I was the old man who lived in the mountains.
I lived among the people, until the day the black spot
came up on my lot.
I hid among the wooded hills,
where no one thought to search for me.
People talked of me, for a time, as I truly was,
until no one remained who had shaken my hand in person.
After that, they talked of me in tones reserved
for legends.
My story became something grand as the mountains themselves,
inseparable from them in local consciousness.

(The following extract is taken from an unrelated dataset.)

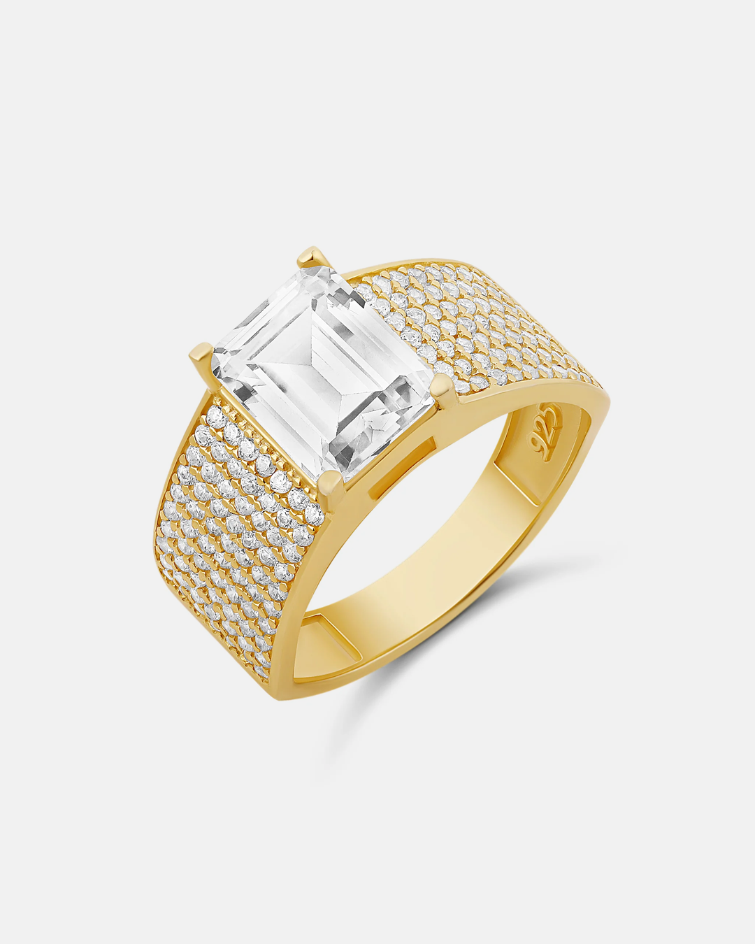 Introducing our Wide Pave Center Stone Band, a must-have for any jewelry collection. Featuring a prong-set emerald center stone, complemented by pave stones encircling half of the band, this stunning statement piece is perfect for any occasion, day or night. Elevate your style with this elegant design.

I was the old man who died in the mountains.
A young fool out hunting shot me down
as I fished in a stream that had carved
two hills from a mighty peak.
I fell in its waters, he ran and kept silent.
Not that anyone remembered I was here.
What is history worth to fleeting youth, after all?
No one wondered about my end
as fish and wolves, in vengeance for kin slain,
devoured my body
and the sediment built up around my bones
to harden into rock.

I was the old man who lay in the mountains.
Water rushed over my old bones for ages,
grinding away what was weak and broken,
replacing it with silt that came to be strong,
reinforced by what rode the current.
Down I was pressed, ever-hardened
as the weight upon my bones increased.
A million creatures, men among them, splashed over me
over a million years, chipping off bits from the surface,
yet my tomb only grew.

I was the old man who became part of the mountains.
One day I looked into the earth
to find only myself beneath me.
I had been looking up through the rushing stream
into the world I knew before;
I had not noticed how firmly I was rooted
in the silt and soil that lay here before me.
Trees had sprung up all over my body,
deer and wolf hunted and bred across my belly,
salmon swam upstream in my veins
to return to where they were born.
There were no mountains
apart from me.

I am the old man who is the mountains.
I see you living on the hundred toes and fingers of my foothills.
I see you mining veins, exploring, charting
every glade and stream of what you think is
nature’s gift of bounty to you all.
What is history worth to a fleeting species, after all?
If your forefathers had taught you anything,
you’d be doing your damndest to keep me pleased.
I have only to stand, to tower over you, tumble down and crush you all.
For I am the earth, the forests and streams which bore you from beasts.
I am the mountains.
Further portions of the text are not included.